Через 10 минут Гартмут стянул футболку через голову. Вжжжик, следом он вылез из шорт. А потом - оп-па! - с громким "Йуппииии!", совершенно голый, прыгнул в бассейн. В тот миг мне это показалось клевой идеей! Обнажившись, я прыгнул следом.
Я обожаю ходить раздетым. Четыре года назад я ходил купаться только на нудистские пляжи. Знавшие меня люди косились как-то странно, но мне это было безразлично. Все шло хорошо до тех пор, пока дети не сказали мне: "Слушай, папа! Представь, что будет, если они потихоньку сделают фото и пошлют его в "Бильд"! Серьезно! Ты не можешь так дальше делать!"
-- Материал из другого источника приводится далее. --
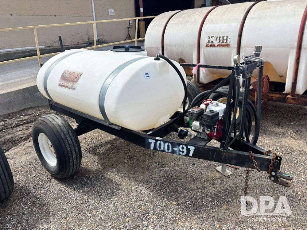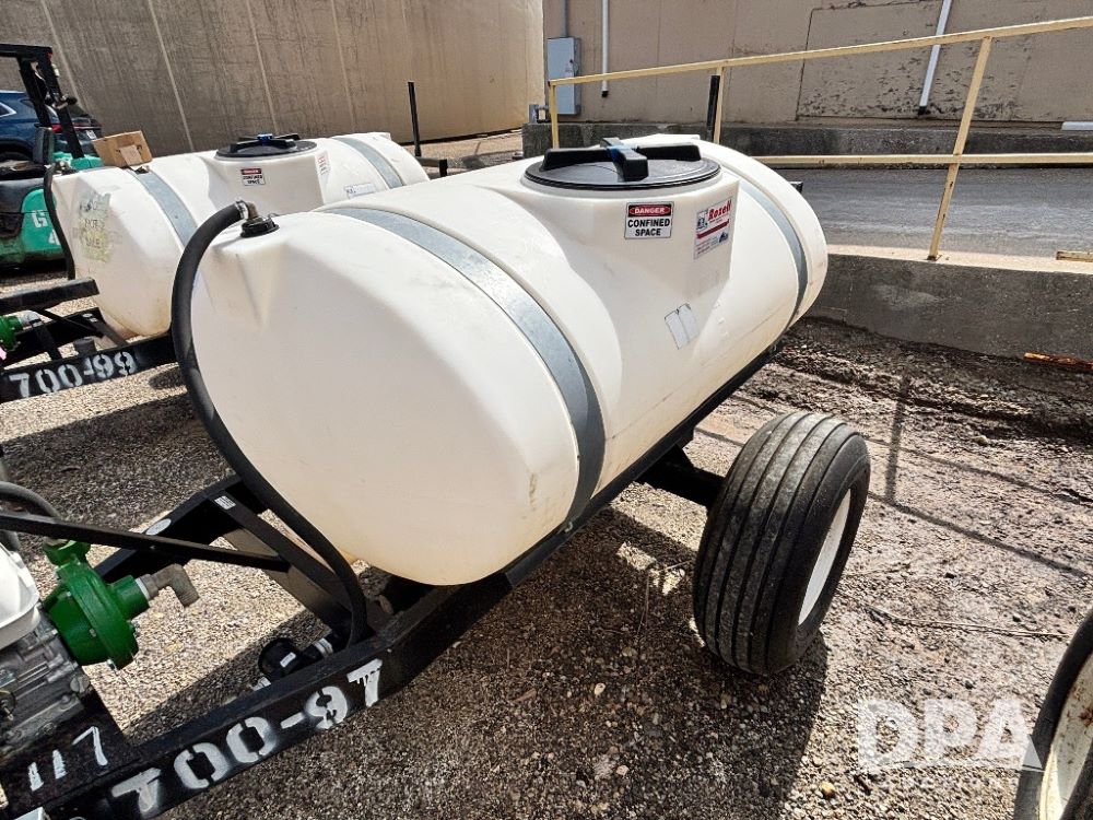 Rozell Liquid Nurse Trailer (GP11808, Unit 700-97), Rozell liquid nurse trailer, 300 gallon poly liquid tank, Honda GX160 gas motor, pump, single axle gear, 11L-15 flotation tires.

"Мне все равно!" - сказал я. "Для меня это ерунда. И вообще, они не имеют права снимать! И даже если они это сделают, им придется наклеить туда черную полоску". Но я все-таки согласился, скрепя сердце.Все для семьи. Да будут штаны все время видны.
Наддель и Роберта Бианка пялились на нас, сидя на топчане.Вода в бассейне, против всяких ожиданий, оказалась чертовски холодной. Мне сразу же захотелось выскочить. Но, чтобы не выглядеть дураком перед девочками, я из приличия проплыл три четверти круга. А потом, трясясь и дрожа, вылез из воды. Гартмуту, конечно, потребовалось доказать, что он продержится дольше, так что он прогреб еще целый круг. Но через минуту и он оказался на суше.
Если напротив тебя, на другой край бассейна, из воды выползает обнаженный парень, тебе, как любому мужчине, хочется провести сравнение. В этом я столь же дотошен, как и Наддель: она в подобных случаях пялится по меньшей мере минут десять. Как там говорится? Какой нос, такой и хвост. В этом отношении от Гартмута многого можно было ожидать.
"Га-га-га!" - внезапно расхохоталась Наддель. Ясное дело, резкое похолодание заставит сжаться даже очень солидное достоинство. Наддель уже не владела собой.
В тот же миг из дома выскочили Гартмутовы пустоголовы: "Эй, оденься лучше" - сказали они ему. Они, конечно, тоже понимали, что с ним не все в порядке, что он осрамился и что, расхаживая голышом, он никому не сделает одолжения.Пока они искали его трусы, которые он швырнул куда-то на лежанку, Наддель внезапно прекратила хихиканье и впала в бешенство. Дело в том, что она сообразила, куда уставилась Роберта Бианка.
"Слышишь, Дитер" - зашипела она ревниво, - "Эта тварь пялится прямо на твой конец! Пусть лучше поможет своему Гартмуту удлинить его огрызок".
Мне становилось все труднее справляться со сложившейся ситуацией. Я схватил свои брюки, тогда как Гартмут снова улегся на топчане с Робертой Бианкой.
Что же там дальше было? Предположительно, песни Гартмута - это его признанияв любви к своей жене. И как там чувственно, искренне, доверительно, поет он в своей сентиментальной песенке "Ангел в пыли"?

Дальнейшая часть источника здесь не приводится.